_WORK TO BE COMPLETED:_ Leaving the pictures aside, repeat each line below exactly.

_SOURCE MATERIAL:_
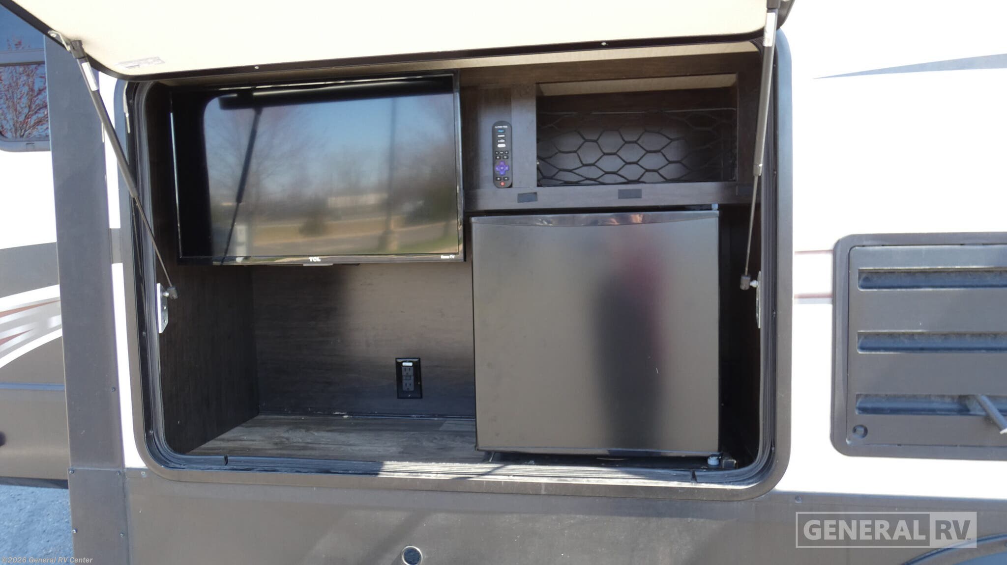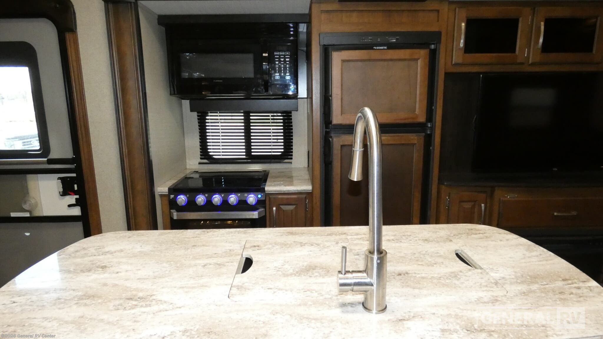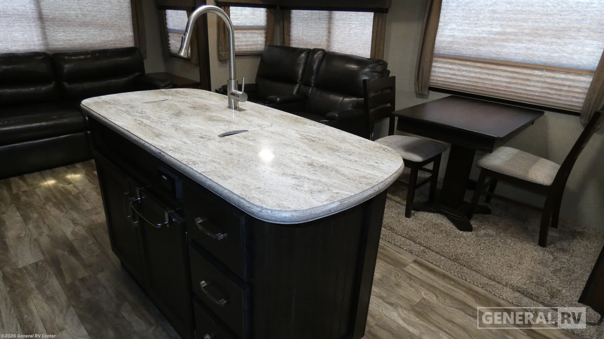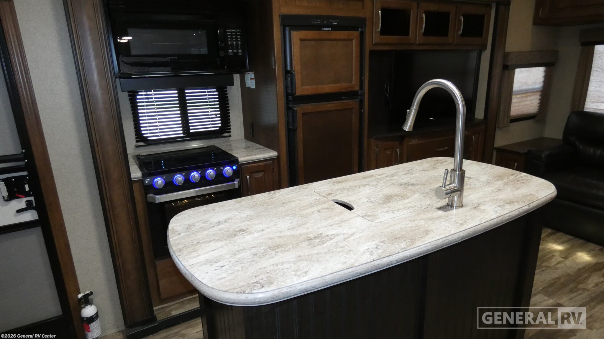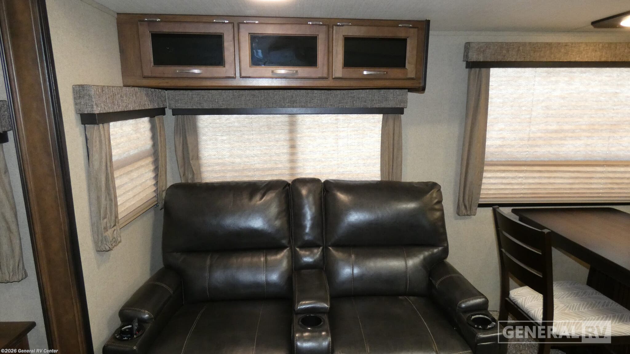 This Refection 29RS fifth wheel is perfect for a couple that enjoys traveling the countryside with their own accommodations including several luxury items just like at home. If you can imagine cooking in a gourmet kitchen with a center island and farm sink, plus watching a 40" TV with fireplace below then this model is for you. Your spouse may even be watching the TV from the theatre seats or napping on the tri-fold sofa. When it's time for bed, you can get cleaned up in the radius shower, and sleep on a queen bed. You will find plenty of storage throughout for your clothes, dry goods, games, and blankets, plus there is an exterior unobstructed pass-through compartment that allows you to store larger items. It's time to get moving and start living the dream! The Reflection by Grand Design offers luxury along with providing easy towing with the aerodynamic front cap with Max Turn radius to your favorite destinations. The Universal All-In-One docking station, LP Quick Connect, and One-Touch electric awning with LED light make setting up and packing up easy for those weekenders or full-timers that like to move around. Inside you will find the bedroom is complete with a pillowtop queen mattress, king size wardrobe, oversized underbed storage, and much more! The Arctic 4-Seasons Protection package allows you to camp anywhere and anytime of the year. Come choose your favorite model today!
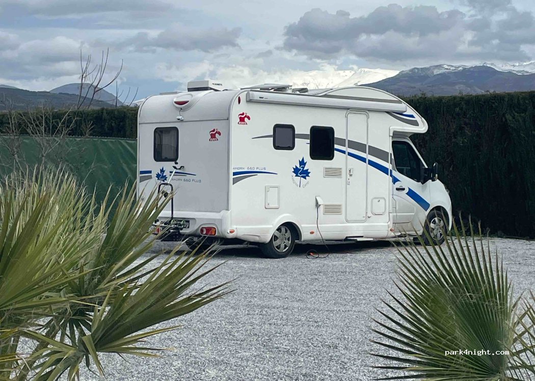 Accueil très chaleureux par Blanca. Aire chez un particulier bien stabilisée et sécurisée. Notre hôtesse nous propose un parcours dans Grenade et commande un taxi pour nous (10€). 4 car l'électricité et le wifi ne fonctionnaient pas. (Nous avons eu droit à une ristourne).L'aire est actuellement en train d'évoluer : des services vont être aménagés.
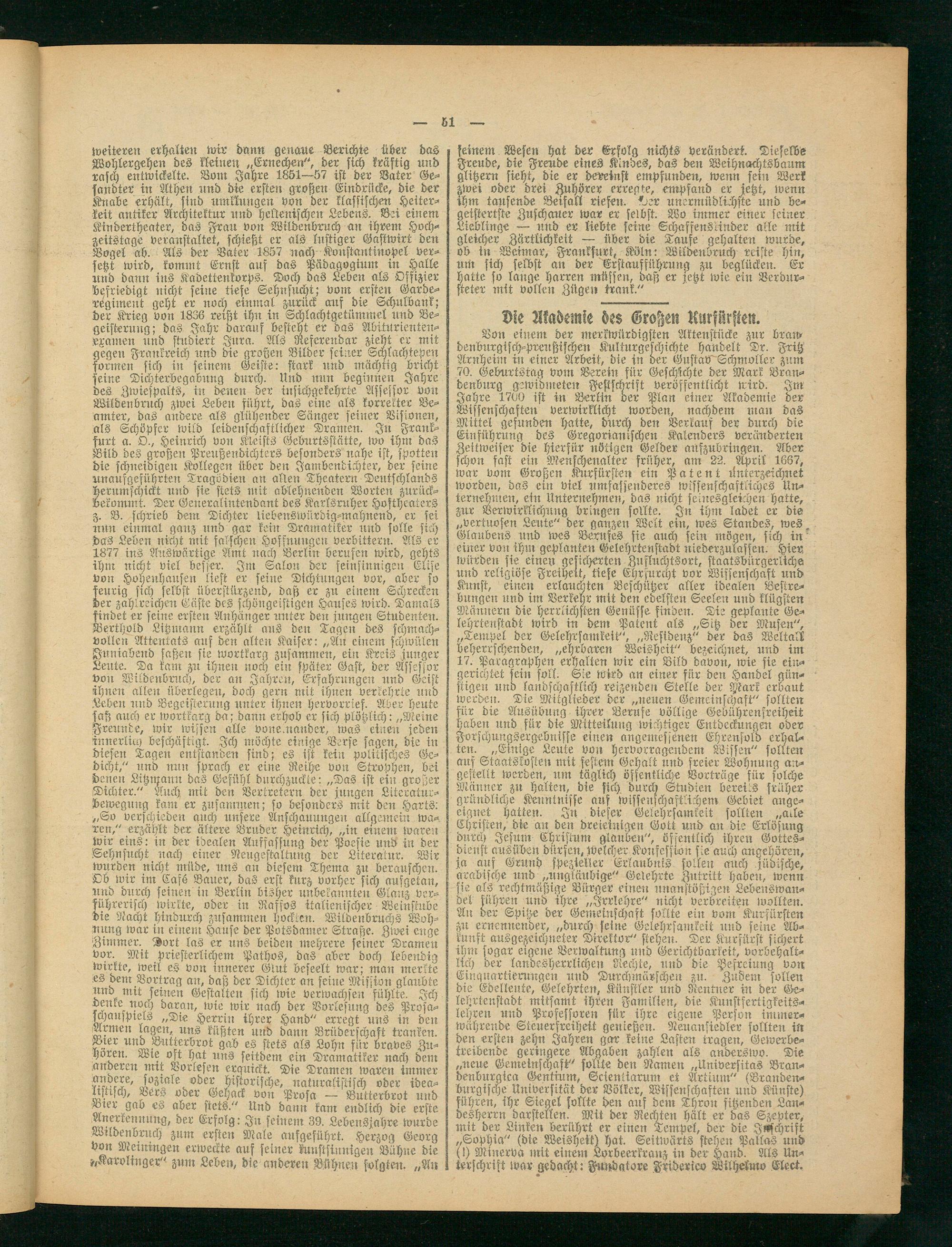 Von einem der merkwürdigsten Aktenstücke zur brau» denburgisch-preußischen Kulturgeschichte handelt Dr. Fritz Arnheim in einer Arbeit, die in oer Gustav Schmoller zum 70. Geburtstag vom Verein für Geschichte der Mark Brandenburg gewidmeten Festschrift veröffentlicht wird. Im Jahre 1700 ist in Berlin der Plan einer Akademie der Wissenschaften verwirklicht worden, nachdem man das Mittel gefunden hatte, durch den Verkauf der durch die Einführung des Gregoriamschen Kalenders veränderten Zeitweiser die hierfür nötigen Gelder anfzubringen. Aber schon fast ein Menschenalter früher, am 22. April 1667, war vom Großen Kurfürsten ein Patent ünterzeichnet worden, das ein viel umfassenderes wissenschaftliches Unternehmen, ein Unternehmen, das nicht seinesgleichen hatte, zur Verwirklichung bringen sollte. In ihm ladet er die „vertuosen Leute" der ganzen Welt ein, wes Standes, wes, Glaubens und wes Berufes sie auch sein mögen, sich in einer von ihm geplanten Gelehrtenstadt niederzulassen. Hier würden sie einen gekicherten Zufluchtsort, staatsbürgerliche und religiöse Freiheit, tiefe Ehrfurcht vor Wissenschaft und Kunst, einen erlauchten Beschützer aller idealen Bestrebungen und im Verkehr mit den edelsten Seelen und klügsten Männern die herrlichsten Genüsse finden. Die geplante Gelehrtenstadt wird in dem Patent als „Sitz der Musen", „Tempel der Gelehrsamkeit", „Residenz" der das Weltall beherrschenden, „ehrbaren Weisheit" bezeichnet, und im 17. Paragraphen erhalten wir ein Bild davon, wie sie eingerichtet sein soll. Sie wird an einer für den Handel günstigen uno landschaftlich reizenden Stelle der Mark erbaut werden. Die Mitglieder der „neuen Gemeinschaft" sollten für die Ausübung ihrer Berufe völlige Gebührenfreiheit haben und für die Mitteilung wichtiger Entdeckungen oder Forschungsergebnisse einen angemessenen Ehrensold erhalten. „Einige Leute von hervorragendem Wissen" sollten auf Staatskosten mit festem Gehalt und freier Wohnung an- gestellt werden, nm täglich öffentliche Vorträge für solche Männer zu halten, die sich durch Studien bereits früher gründliche Kenntnisse auf wissenschaftlichem Gebiet angeeignet hatten. In dieser Gelehrsamkeit sollten „alle Christen, die an den dreieinigen Gott und an die Erlösung durch Jesum Christum glauben", öffentlich ihren Gottesdienst ausübeit dürfen, welcher Konfession sie auch angehören, ja auf Grund spezieller Erlaubnis sollen auch jüdische, arabische und „ungläubige" Gelehrte Zutritt haben, wenn sie als rechtmäßige Bürger einen unanstößigen Lebenswandel führen und ihre „Irrlehre" nicht verbreiten wollten. An der Spitze der Genteinschaft sollte ein vom Kurfürsten zu ernennender, „durch seine Gelehrsamkeit und seine Abkunft ausgezeichneter Direktor" stehen. Der Kurfürst sichert ihm sogar eigene Berwaltrmg und Gerichtbarkeit, vorbehaltlich der landesherrlichen Rechte, und die Befreiung von Einquartierungen und Durchmärschen zu. Zndenr sollen die Edelleute, Gelehrten, Künstler und Rentner in der Gelehrtenstadt mitsamt ihren Familien, die Kunstfertigkeits- lehren und Professoren für ihre eigene Person immerwährende Steuerfreiheit genießen. Neuansiedler sollten in den ersten zehn Jahren gar keine Lasten tragen, Gewerbetreibende geringere Abgaben zahlen als anderswo. Die „neue Gemeinschaft" sollte den Namen „Universitas Bran- denbnrgica Gentium, Scienliarum et Artium" (Brandenburgische Universität der Völker, Wissenschaften und Künste) führen, ihr Siegel sollte den auf dem Thron sitzenden Landesherrn darstellen. Mit der Rechten hält er das Szepter, mit der Linken berührt er einen Tempel, der die Inschrift „Sophia" (die Weisheit) hat. Seitwärts stehen Pallas und (!) Minerva mit einem Lorbeerkranz in der Hand. Als Unterschrift war gedacht: Fuudqtore Friderico Wilhelm» Eleet.

_ANSWER:_
 This Refection 29RS fifth wheel is perfect for a couple that enjoys traveling the countryside with their own accommodations including several luxury items just like at home. If you can imagine cooking in a gourmet kitchen with a center island and farm sink, plus watching a 40" TV with fireplace below then this model is for you. Your spouse may even be watching the TV from the theatre seats or napping on the tri-fold sofa. When it's time for bed, you can get cleaned up in the radius shower, and sleep on a queen bed. You will find plenty of storage throughout for your clothes, dry goods, games, and blankets, plus there is an exterior unobstructed pass-through compartment that allows you to store larger items. It's time to get moving and start living the dream! The Reflection by Grand Design offers luxury along with providing easy towing with the aerodynamic front cap with Max Turn radius to your favorite destinations. The Universal All-In-One docking station, LP Quick Connect, and One-Touch electric awning with LED light make setting up and packing up easy for those weekenders or full-timers that like to move around. Inside you will find the bedroom is complete with a pillowtop queen mattress, king size wardrobe, oversized underbed storage, and much more! The Arctic 4-Seasons Protection package allows you to camp anywhere and anytime of the year. Come choose your favorite model today!
 Accueil très chaleureux par Blanca. Aire chez un particulier bien stabilisée et sécurisée. Notre hôtesse nous propose un parcours dans Grenade et commande un taxi pour nous (10€). 4 car l'électricité et le wifi ne fonctionnaient pas. (Nous avons eu droit à une ristourne).L'aire est actuellement en train d'évoluer : des services vont être aménagés.
 Von einem der merkwürdigsten Aktenstücke zur brau» denburgisch-preußischen Kulturgeschichte handelt Dr. Fritz Arnheim in einer Arbeit, die in oer Gustav Schmoller zum 70. Geburtstag vom Verein für Geschichte der Mark Brandenburg gewidmeten Festschrift veröffentlicht wird. Im Jahre 1700 ist in Berlin der Plan einer Akademie der Wissenschaften verwirklicht worden, nachdem man das Mittel gefunden hatte, durch den Verkauf der durch die Einführung des Gregoriamschen Kalenders veränderten Zeitweiser die hierfür nötigen Gelder anfzubringen. Aber schon fast ein Menschenalter früher, am 22. April 1667, war vom Großen Kurfürsten ein Patent ünterzeichnet worden, das ein viel umfassenderes wissenschaftliches Unternehmen, ein Unternehmen, das nicht seinesgleichen hatte, zur Verwirklichung bringen sollte. In ihm ladet er die „vertuosen Leute" der ganzen Welt ein, wes Standes, wes, Glaubens und wes Berufes sie auch sein mögen, sich in einer von ihm geplanten Gelehrtenstadt niederzulassen. Hier würden sie einen gekicherten Zufluchtsort, staatsbürgerliche und religiöse Freiheit, tiefe Ehrfurcht vor Wissenschaft und Kunst, einen erlauchten Beschützer aller idealen Bestrebungen und im Verkehr mit den edelsten Seelen und klügsten Männern die herrlichsten Genüsse finden. Die geplante Gelehrtenstadt wird in dem Patent als „Sitz der Musen", „Tempel der Gelehrsamkeit", „Residenz" der das Weltall beherrschenden, „ehrbaren Weisheit" bezeichnet, und im 17. Paragraphen erhalten wir ein Bild davon, wie sie eingerichtet sein soll. Sie wird an einer für den Handel günstigen uno landschaftlich reizenden Stelle der Mark erbaut werden. Die Mitglieder der „neuen Gemeinschaft" sollten für die Ausübung ihrer Berufe völlige Gebührenfreiheit haben und für die Mitteilung wichtiger Entdeckungen oder Forschungsergebnisse einen angemessenen Ehrensold erhalten. „Einige Leute von hervorragendem Wissen" sollten auf Staatskosten mit festem Gehalt und freier Wohnung an- gestellt werden, nm täglich öffentliche Vorträge für solche Männer zu halten, die sich durch Studien bereits früher gründliche Kenntnisse auf wissenschaftlichem Gebiet angeeignet hatten. In dieser Gelehrsamkeit sollten „alle Christen, die an den dreieinigen Gott und an die Erlösung durch Jesum Christum glauben", öffentlich ihren Gottesdienst ausübeit dürfen, welcher Konfession sie auch angehören, ja auf Grund spezieller Erlaubnis sollen auch jüdische, arabische und „ungläubige" Gelehrte Zutritt haben, wenn sie als rechtmäßige Bürger einen unanstößigen Lebenswandel führen und ihre „Irrlehre" nicht verbreiten wollten. An der Spitze der Genteinschaft sollte ein vom Kurfürsten zu ernennender, „durch seine Gelehrsamkeit und seine Abkunft ausgezeichneter Direktor" stehen. Der Kurfürst sichert ihm sogar eigene Berwaltrmg und Gerichtbarkeit, vorbehaltlich der landesherrlichen Rechte, und die Befreiung von Einquartierungen und Durchmärschen zu. Zndenr sollen die Edelleute, Gelehrten, Künstler und Rentner in der Gelehrtenstadt mitsamt ihren Familien, die Kunstfertigkeits- lehren und Professoren für ihre eigene Person immerwährende Steuerfreiheit genießen. Neuansiedler sollten in den ersten zehn Jahren gar keine Lasten tragen, Gewerbetreibende geringere Abgaben zahlen als anderswo. Die „neue Gemeinschaft" sollte den Namen „Universitas Bran- denbnrgica Gentium, Scienliarum et Artium" (Brandenburgische Universität der Völker, Wissenschaften und Künste) führen, ihr Siegel sollte den auf dem Thron sitzenden Landesherrn darstellen. Mit der Rechten hält er das Szepter, mit der Linken berührt er einen Tempel, der die Inschrift „Sophia" (die Weisheit) hat. Seitwärts stehen Pallas und (!) Minerva mit einem Lorbeerkranz in der Hand. Als Unterschrift war gedacht: Fuudqtore Friderico Wilhelm» Eleet.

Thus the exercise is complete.